(Collected material Opens)
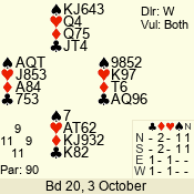 | Con | Dc | Res | Score | Ld | Pairs | Rd | Tbl | | 3 N | S | +3 | 690 | 9 | 04 - 08 | 8 | 4 |
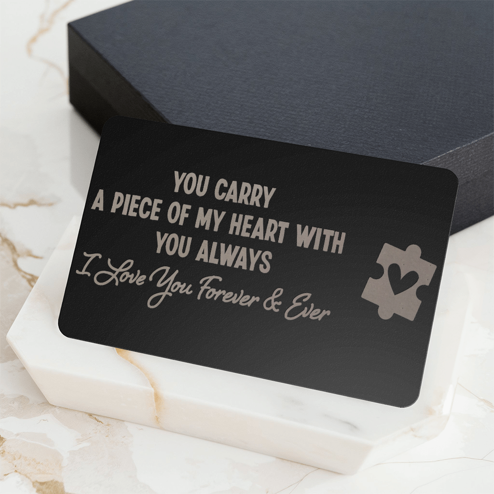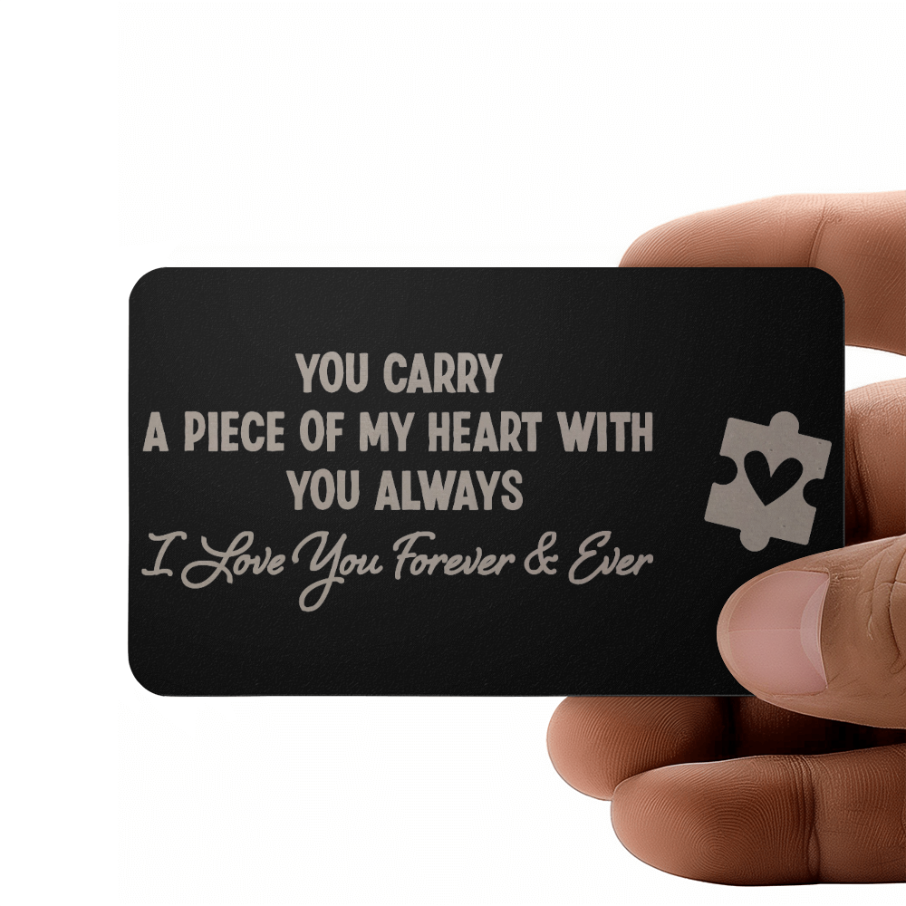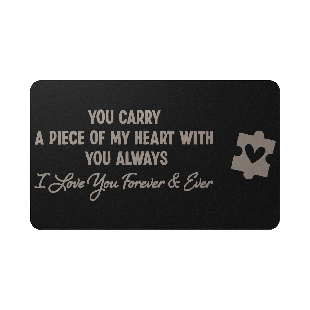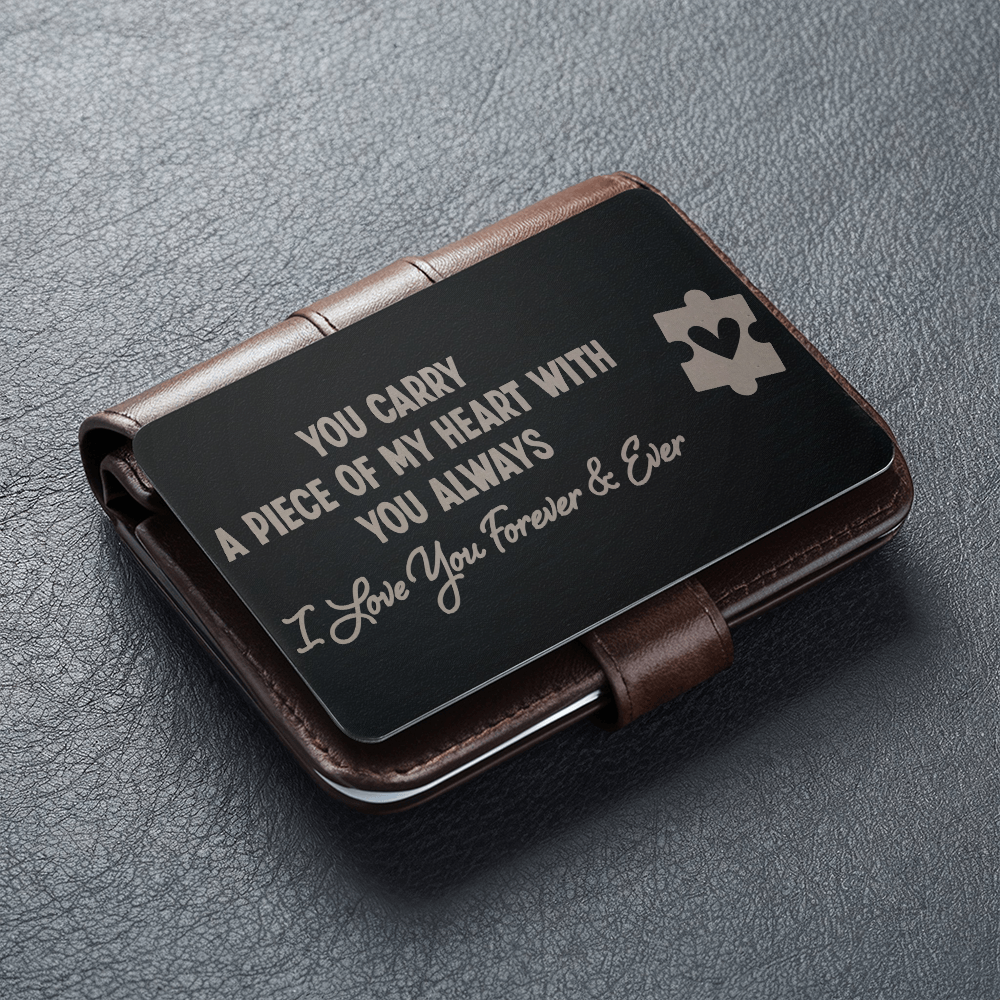 Give the gift of enduring sentiment with our Engraved Wallet Card. Perfect for any occasion, this sleek and lightweight card fits snugly into billfolds, pockets, agendas, and more, ensuring your message is always close to their heart. Crafted with precision and care, the brushed black finish beautifully contrasts with the bright silver engraving, making each word stand out with elegance. Order yours today and let your love and appreciation shine wherever they go.
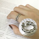 指輪 オープンリング アクセサリー レディース シルバー925 女性用 ダブル 編み込み メッシュ ヴィンテージ風 おしゃれ かっこいい 太め カジュ
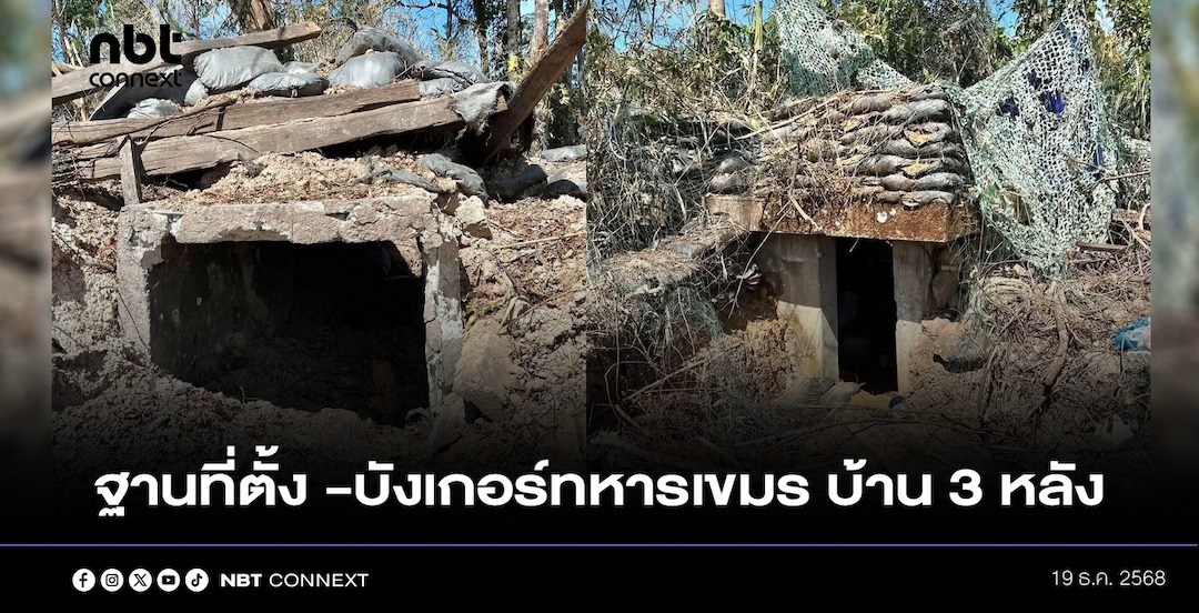 ฐานที่ตั้ง -บังเกอร์ทหารเขมร ทั้ง ปูน ทั้งกระสอบทราย สะท้อนการรับศึกมานาน
(Collected material Closes)
• [Exercise objective]: Return each line above word for word. Skip the pictures.

• [Written reply]:
 | Con | Dc | Res | Score | Ld | Pairs | Rd | Tbl | | 3 N | S | +3 | 690 | 9 | 04 - 08 | 8 | 4 |
 Give the gift of enduring sentiment with our Engraved Wallet Card. Perfect for any occasion, this sleek and lightweight card fits snugly into billfolds, pockets, agendas, and more, ensuring your message is always close to their heart. Crafted with precision and care, the brushed black finish beautifully contrasts with the bright silver engraving, making each word stand out with elegance. Order yours today and let your love and appreciation shine wherever they go.
 指輪 オープンリング アクセサリー レディース シルバー925 女性用 ダブル 編み込み メッシュ ヴィンテージ風 おしゃれ かっこいい 太め カジュ
 ฐานที่ตั้ง -บังเกอร์ทหารเขมร ทั้ง ปูน ทั้งกระสอบทราย สะท้อนการรับศึกมานาน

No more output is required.